**TASK:** From the line with "2×12 aluminijumske kombinovane" to the line with "The man can", output every line below exactly, both ends included. Skip the pictures.

(Items from a dataset)
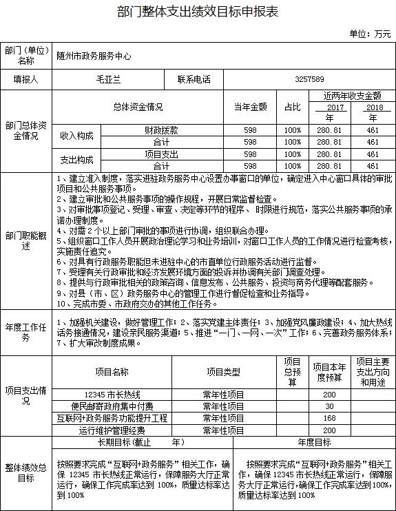 第四部分? 隨州市政務服務中心2019年預算績效情況
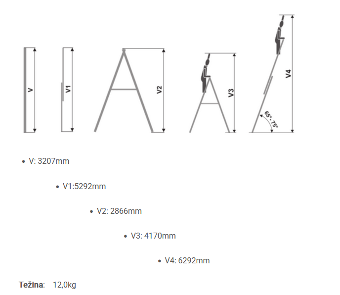 2×12 aluminijumske kombinovane merdevine koji mogu da se otvaraju i “teleskopski” i “A” . Izuzetno kvalitetne, tako da mogu da služe kako za domaćinsko tako i za industrijsko korišćenje. Odlikuje ih visok kvalitet korišćenih materijala i završne obrade. Maksimalni kapacitet 150 kg.
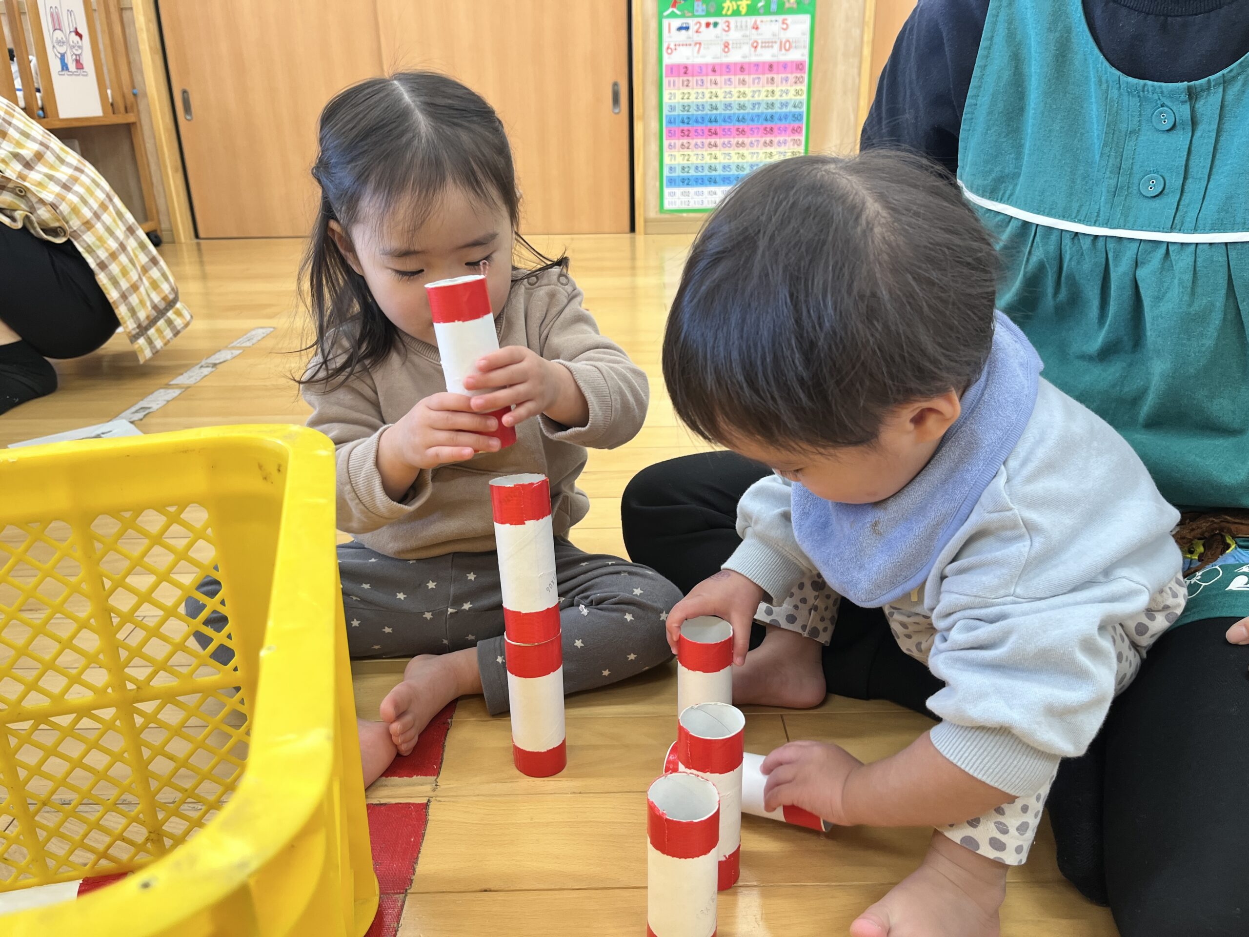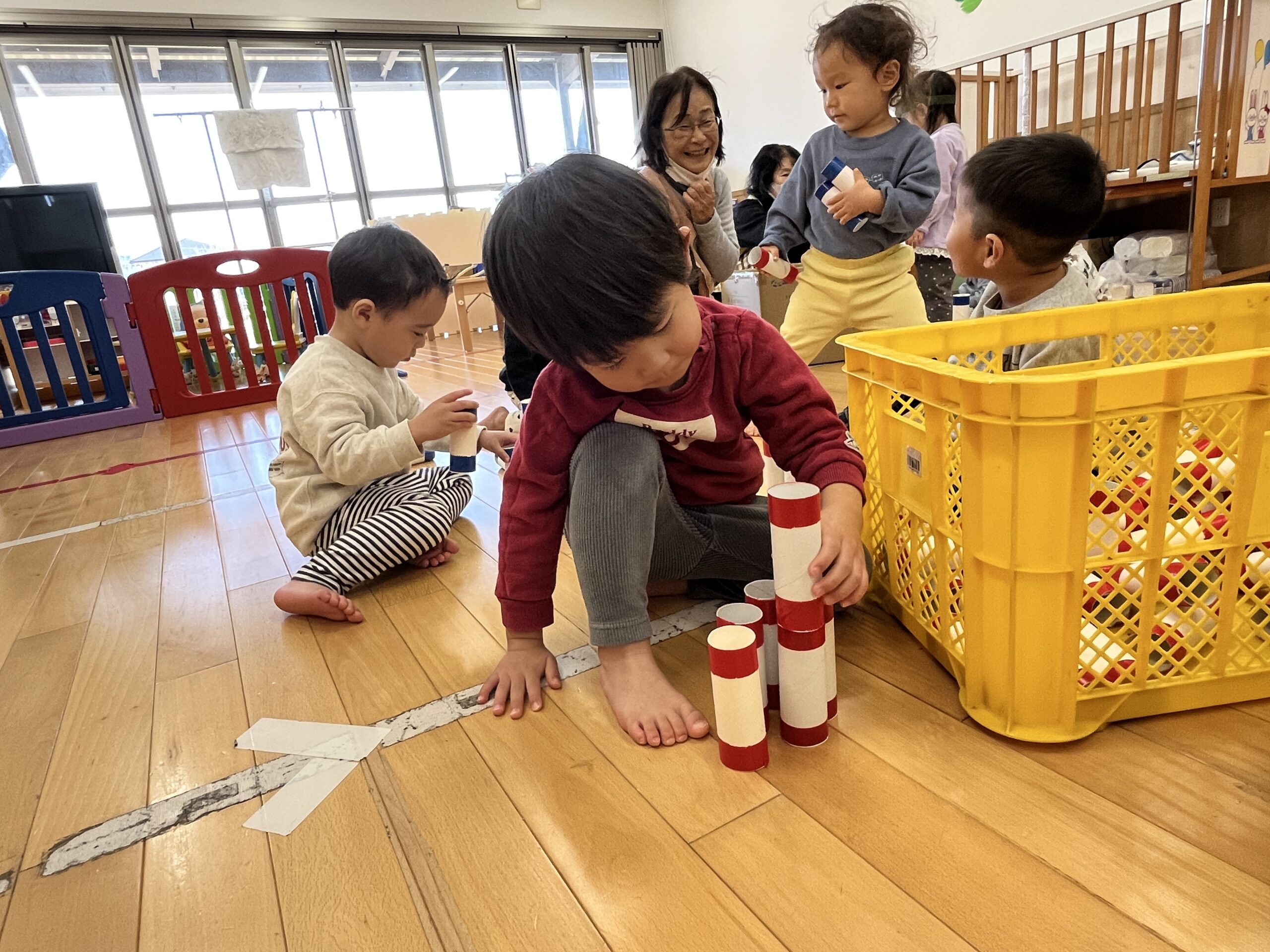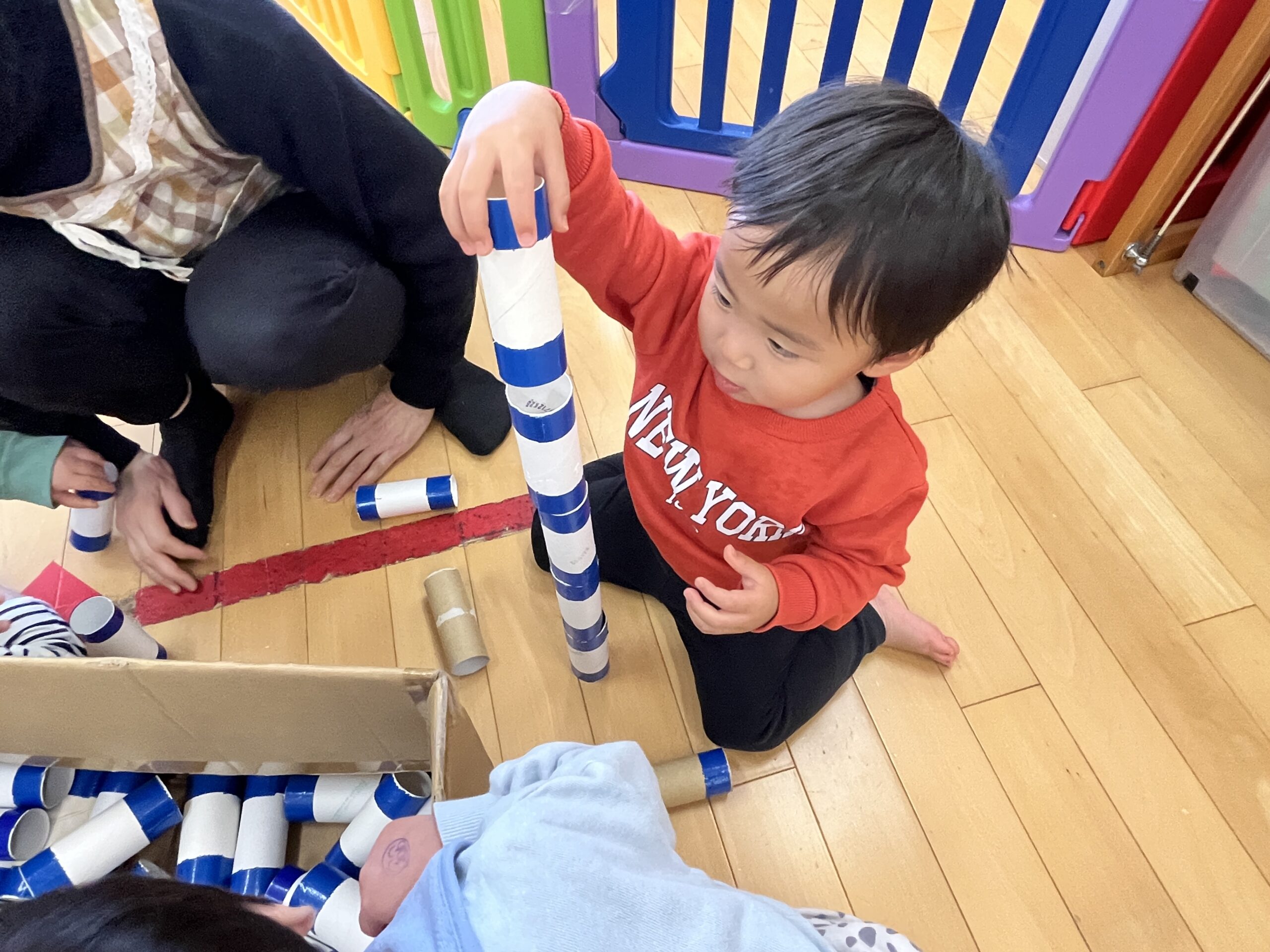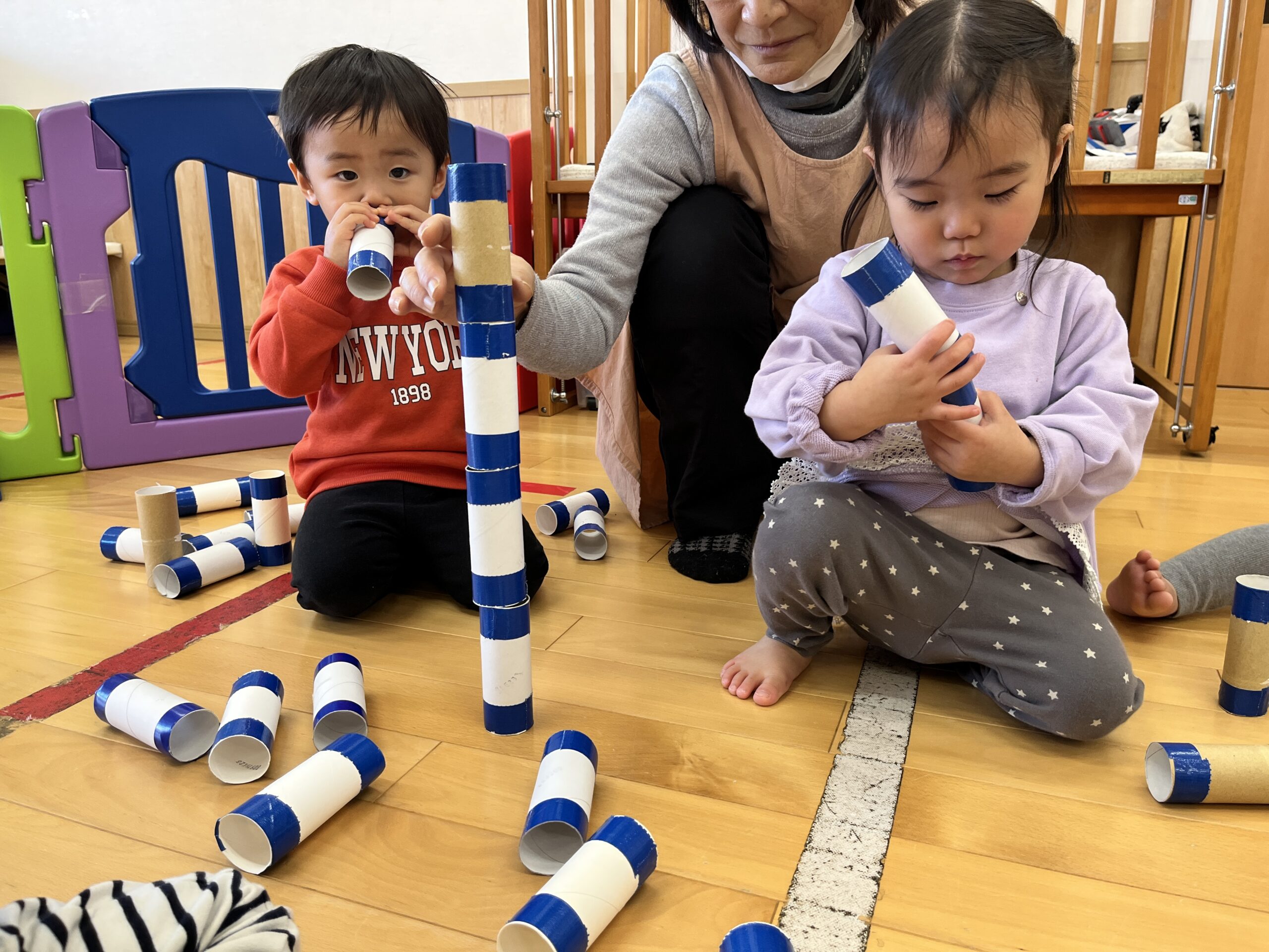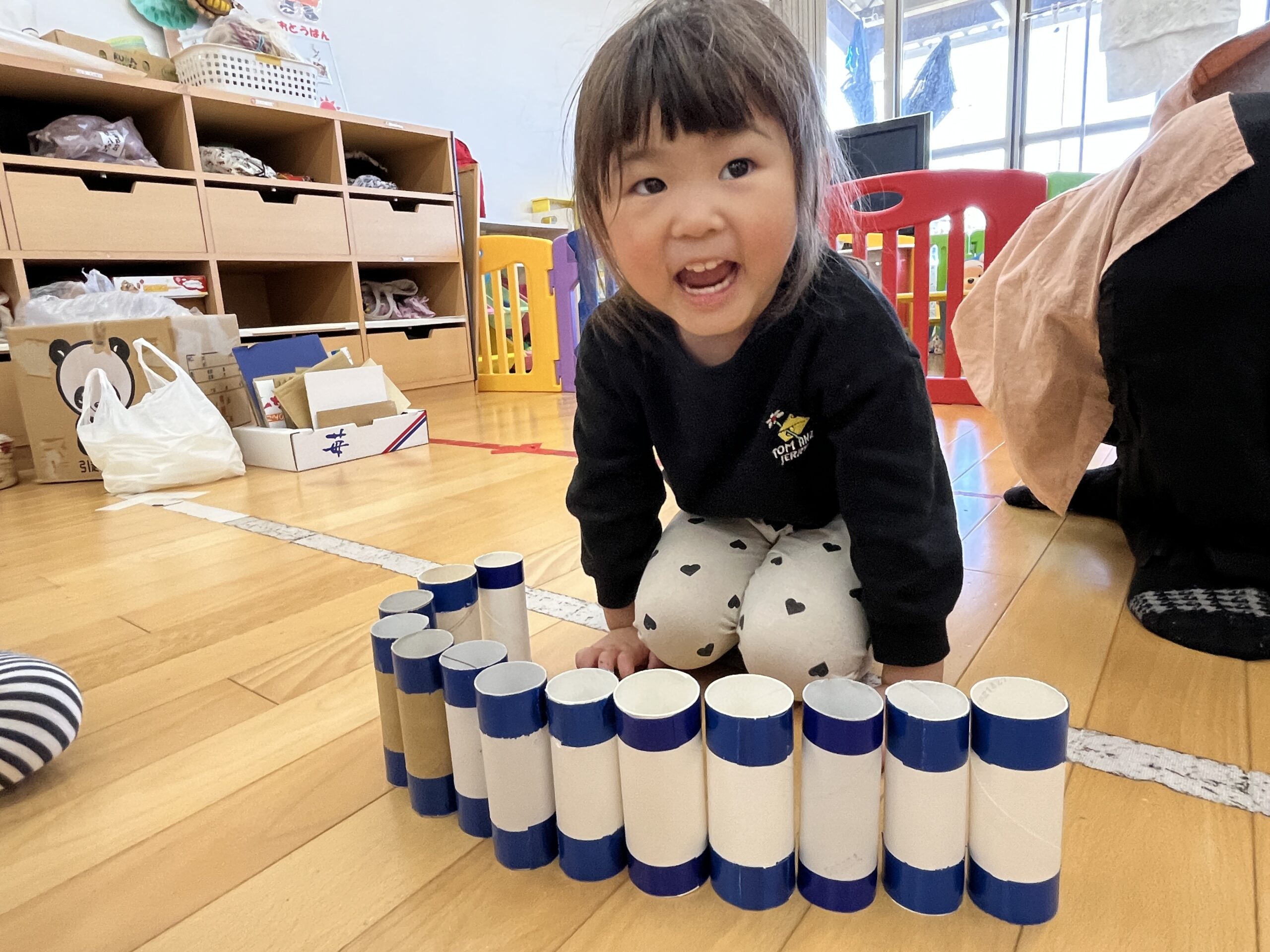 日頃から色々な素材を組み立てて遊んでいる子ども達です。今回は、ペーパー芯や容器を積み上げて遊びました。
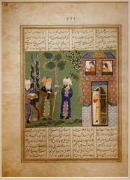 | Keywords: Folio Khavarannama Met 55.184.1.jpg Three men before a castle An imaginary meeting between the poet Ferdowsi and Ibn Husam Folio from a Khavarannama The Book of the East of ibn Husam al-Din Rencontre imaginaire du poète Ferdowsî et d'Ibn Husam Feuille du Khavarannama Le Livre de l'Est d'ibn Husam al-Din - 1476 1488 watercolor opaque ink gold paper cm 39 8 28 9 Institution Metropolitan Museum of Art Department of Islamic Art gallery 455 140008639 object history Provenance Shiraz in Iran credit line ProvenanceEvent purchase Hassan Khan Monif Rogers Fund 1955 accession number 55 184 1 Marie-Lan Nguyen 2011 PD-old-100 other versions Ferdowsi 15th-century illuminated manuscripts Islamic manuscripts in the Metropolitan Museum of Art |
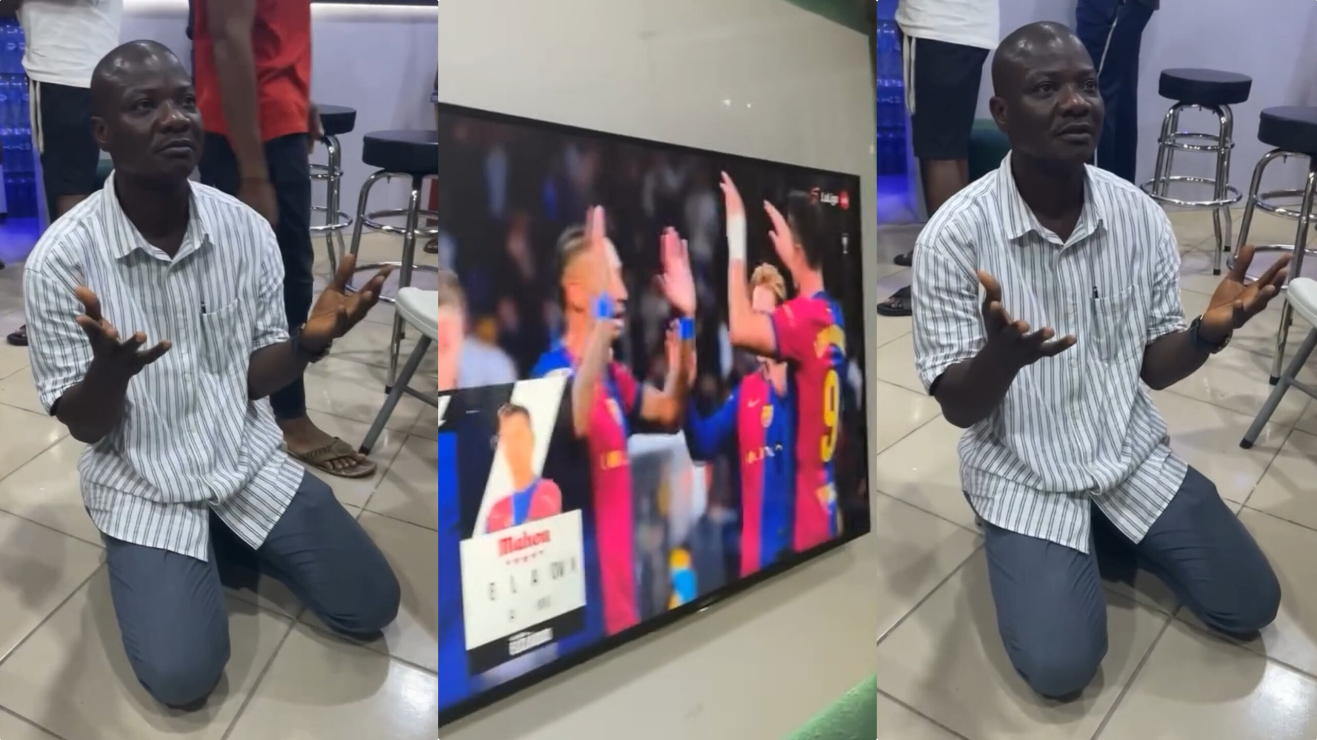 The man can been seen on his knees being greatful to his religion after a massive win of 10million naira.
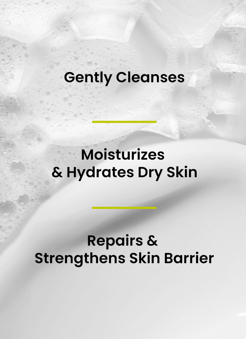 This combo blends naturally hydrating ingredients like Colloidal Oatmeal, Tamanu Extracts, Chia Seed Oil, and Aloe Vera with actives like Ceramides, Peptides, and Polyglutamic Acid. To offer mild cleansing and deep moisturization for dry skin, without compromising the skin’s barrier.
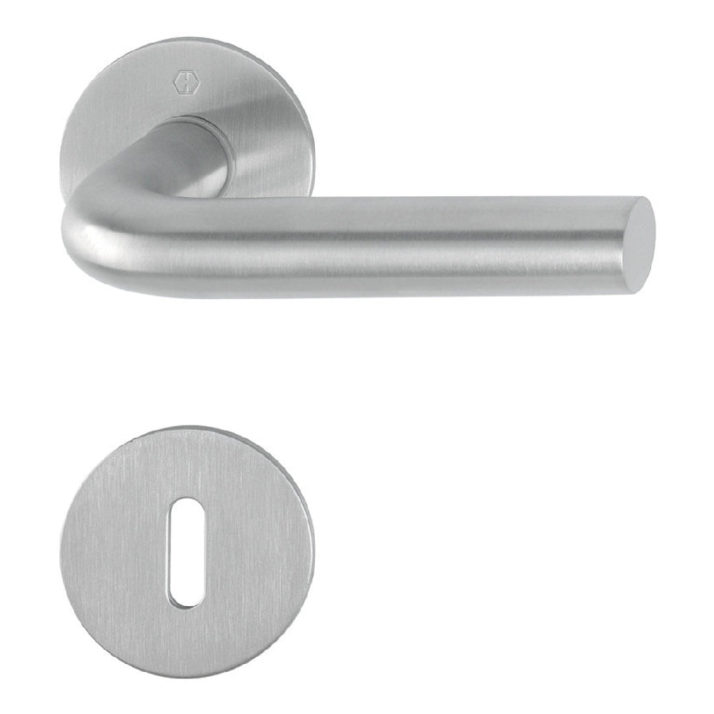 HOPPE komplett set för innerdörr, serie Bonn, för nyckelskylt. Rostfritt F69. Passar endast för låskista typ 2014. Rosetter med dubbelverkande returfjäder och Kvick-i-Sprint PLUS faststättning, montage utan verktyg. Dörrtjocklek 35-45 mm, 10 års funktionsgaranti.

**SOLUTION TO THE EXERCISE:**
 2×12 aluminijumske kombinovane merdevine koji mogu da se otvaraju i “teleskopski” i “A” . Izuzetno kvalitetne, tako da mogu da služe kako za domaćinsko tako i za industrijsko korišćenje. Odlikuje ih visok kvalitet korišćenih materijala i završne obrade. Maksimalni kapacitet 150 kg.
 日頃から色々な素材を組み立てて遊んでいる子ども達です。今回は、ペーパー芯や容器を積み上げて遊びました。
 | Keywords: Folio Khavarannama Met 55.184.1.jpg Three men before a castle An imaginary meeting between the poet Ferdowsi and Ibn Husam Folio from a Khavarannama The Book of the East of ibn Husam al-Din Rencontre imaginaire du poète Ferdowsî et d'Ibn Husam Feuille du Khavarannama Le Livre de l'Est d'ibn Husam al-Din - 1476 1488 watercolor opaque ink gold paper cm 39 8 28 9 Institution Metropolitan Museum of Art Department of Islamic Art gallery 455 140008639 object history Provenance Shiraz in Iran credit line ProvenanceEvent purchase Hassan Khan Monif Rogers Fund 1955 accession number 55 184 1 Marie-Lan Nguyen 2011 PD-old-100 other versions Ferdowsi 15th-century illuminated manuscripts Islamic manuscripts in the Metropolitan Museum of Art |
 The man can been seen on his knees being greatful to his religion after a massive win of 10million naira.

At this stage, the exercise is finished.